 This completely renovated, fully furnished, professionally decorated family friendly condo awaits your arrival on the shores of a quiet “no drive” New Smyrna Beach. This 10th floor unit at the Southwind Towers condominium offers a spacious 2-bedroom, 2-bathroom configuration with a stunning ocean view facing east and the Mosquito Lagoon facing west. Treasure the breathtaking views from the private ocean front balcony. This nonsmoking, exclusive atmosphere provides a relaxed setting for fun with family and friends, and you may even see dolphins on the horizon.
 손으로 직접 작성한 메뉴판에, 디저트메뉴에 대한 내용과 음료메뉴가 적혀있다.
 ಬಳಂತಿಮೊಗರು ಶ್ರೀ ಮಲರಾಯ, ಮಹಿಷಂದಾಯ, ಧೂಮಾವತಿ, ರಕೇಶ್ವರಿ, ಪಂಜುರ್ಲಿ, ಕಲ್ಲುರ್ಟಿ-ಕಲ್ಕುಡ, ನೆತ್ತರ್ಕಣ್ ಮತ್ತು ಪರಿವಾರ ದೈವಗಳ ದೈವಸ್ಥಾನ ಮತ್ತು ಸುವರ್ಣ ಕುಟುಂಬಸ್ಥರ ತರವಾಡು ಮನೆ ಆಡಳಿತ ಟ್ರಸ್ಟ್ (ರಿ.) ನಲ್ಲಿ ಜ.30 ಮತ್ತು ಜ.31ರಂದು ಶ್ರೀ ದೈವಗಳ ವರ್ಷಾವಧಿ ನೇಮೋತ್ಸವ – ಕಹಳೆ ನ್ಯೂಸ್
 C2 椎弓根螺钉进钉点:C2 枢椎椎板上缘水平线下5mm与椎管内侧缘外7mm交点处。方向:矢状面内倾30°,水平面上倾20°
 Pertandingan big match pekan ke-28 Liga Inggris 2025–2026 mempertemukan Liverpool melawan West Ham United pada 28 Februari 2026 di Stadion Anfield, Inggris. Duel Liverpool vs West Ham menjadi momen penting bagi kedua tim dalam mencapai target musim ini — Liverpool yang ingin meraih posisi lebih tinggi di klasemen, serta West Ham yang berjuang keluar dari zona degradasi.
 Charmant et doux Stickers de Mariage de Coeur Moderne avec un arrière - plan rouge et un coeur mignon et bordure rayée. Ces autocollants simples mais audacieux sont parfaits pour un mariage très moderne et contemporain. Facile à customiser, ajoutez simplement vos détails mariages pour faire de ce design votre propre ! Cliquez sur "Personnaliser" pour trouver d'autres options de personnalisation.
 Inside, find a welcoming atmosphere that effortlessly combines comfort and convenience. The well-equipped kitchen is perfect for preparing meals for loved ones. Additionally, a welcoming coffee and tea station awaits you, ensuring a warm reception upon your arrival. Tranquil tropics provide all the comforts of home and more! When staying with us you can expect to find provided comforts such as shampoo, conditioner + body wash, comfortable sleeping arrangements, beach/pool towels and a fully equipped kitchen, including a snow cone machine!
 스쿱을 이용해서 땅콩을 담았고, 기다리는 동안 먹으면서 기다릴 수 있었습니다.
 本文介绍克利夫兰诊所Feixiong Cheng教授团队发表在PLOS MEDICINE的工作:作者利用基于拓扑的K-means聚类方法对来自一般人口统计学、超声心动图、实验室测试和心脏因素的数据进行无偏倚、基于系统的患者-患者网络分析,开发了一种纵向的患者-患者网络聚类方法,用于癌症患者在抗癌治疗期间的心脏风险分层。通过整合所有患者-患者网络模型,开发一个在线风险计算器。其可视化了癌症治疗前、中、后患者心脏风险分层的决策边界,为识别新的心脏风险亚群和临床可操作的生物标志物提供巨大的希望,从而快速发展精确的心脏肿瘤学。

---------------

● **Task requirements**
Extract all of the material exactly as it is written.

● **Exercise response**
 This completely renovated, fully furnished, professionally decorated family friendly condo awaits your arrival on the shores of a quiet “no drive” New Smyrna Beach. This 10th floor unit at the Southwind Towers condominium offers a spacious 2-bedroom, 2-bathroom configuration with a stunning ocean view facing east and the Mosquito Lagoon facing west. Treasure the breathtaking views from the private ocean front balcony. This nonsmoking, exclusive atmosphere provides a relaxed setting for fun with family and friends, and you may even see dolphins on the horizon.
 손으로 직접 작성한 메뉴판에, 디저트메뉴에 대한 내용과 음료메뉴가 적혀있다.
 ಬಳಂತಿಮೊಗರು ಶ್ರೀ ಮಲರಾಯ, ಮಹಿಷಂದಾಯ, ಧೂಮಾವತಿ, ರಕೇಶ್ವರಿ, ಪಂಜುರ್ಲಿ, ಕಲ್ಲುರ್ಟಿ-ಕಲ್ಕುಡ, ನೆತ್ತರ್ಕಣ್ ಮತ್ತು ಪರಿವಾರ ದೈವಗಳ ದೈವಸ್ಥಾನ ಮತ್ತು ಸುವರ್ಣ ಕುಟುಂಬಸ್ಥರ ತರವಾಡು ಮನೆ ಆಡಳಿತ ಟ್ರಸ್ಟ್ (ರಿ.) ನಲ್ಲಿ ಜ.30 ಮತ್ತು ಜ.31ರಂದು ಶ್ರೀ ದೈವಗಳ ವರ್ಷಾವಧಿ ನೇಮೋತ್ಸವ – ಕಹಳೆ ನ್ಯೂಸ್
 C2 椎弓根螺钉进钉点:C2 枢椎椎板上缘水平线下5mm与椎管内侧缘外7mm交点处。方向:矢状面内倾30°,水平面上倾20°
 Pertandingan big match pekan ke-28 Liga Inggris 2025–2026 mempertemukan Liverpool melawan West Ham United pada 28 Februari 2026 di Stadion Anfield, Inggris. Duel Liverpool vs West Ham menjadi momen penting bagi kedua tim dalam mencapai target musim ini — Liverpool yang ingin meraih posisi lebih tinggi di klasemen, serta West Ham yang berjuang keluar dari zona degradasi.
 Charmant et doux Stickers de Mariage de Coeur Moderne avec un arrière - plan rouge et un coeur mignon et bordure rayée. Ces autocollants simples mais audacieux sont parfaits pour un mariage très moderne et contemporain. Facile à customiser, ajoutez simplement vos détails mariages pour faire de ce design votre propre ! Cliquez sur "Personnaliser" pour trouver d'autres options de personnalisation.
 Inside, find a welcoming atmosphere that effortlessly combines comfort and convenience. The well-equipped kitchen is perfect for preparing meals for loved ones. Additionally, a welcoming coffee and tea station awaits you, ensuring a warm reception upon your arrival. Tranquil tropics provide all the comforts of home and more! When staying with us you can expect to find provided comforts such as shampoo, conditioner + body wash, comfortable sleeping arrangements, beach/pool towels and a fully equipped kitchen, including a snow cone machine!
 스쿱을 이용해서 땅콩을 담았고, 기다리는 동안 먹으면서 기다릴 수 있었습니다.
 本文介绍克利夫兰诊所Feixiong Cheng教授团队发表在PLOS MEDICINE的工作:作者利用基于拓扑的K-means聚类方法对来自一般人口统计学、超声心动图、实验室测试和心脏因素的数据进行无偏倚、基于系统的患者-患者网络分析,开发了一种纵向的患者-患者网络聚类方法,用于癌症患者在抗癌治疗期间的心脏风险分层。通过整合所有患者-患者网络模型,开发一个在线风险计算器。其可视化了癌症治疗前、中、后患者心脏风险分层的决策边界,为识别新的心脏风险亚群和临床可操作的生物标志物提供巨大的希望,从而快速发展精确的心脏肿瘤学。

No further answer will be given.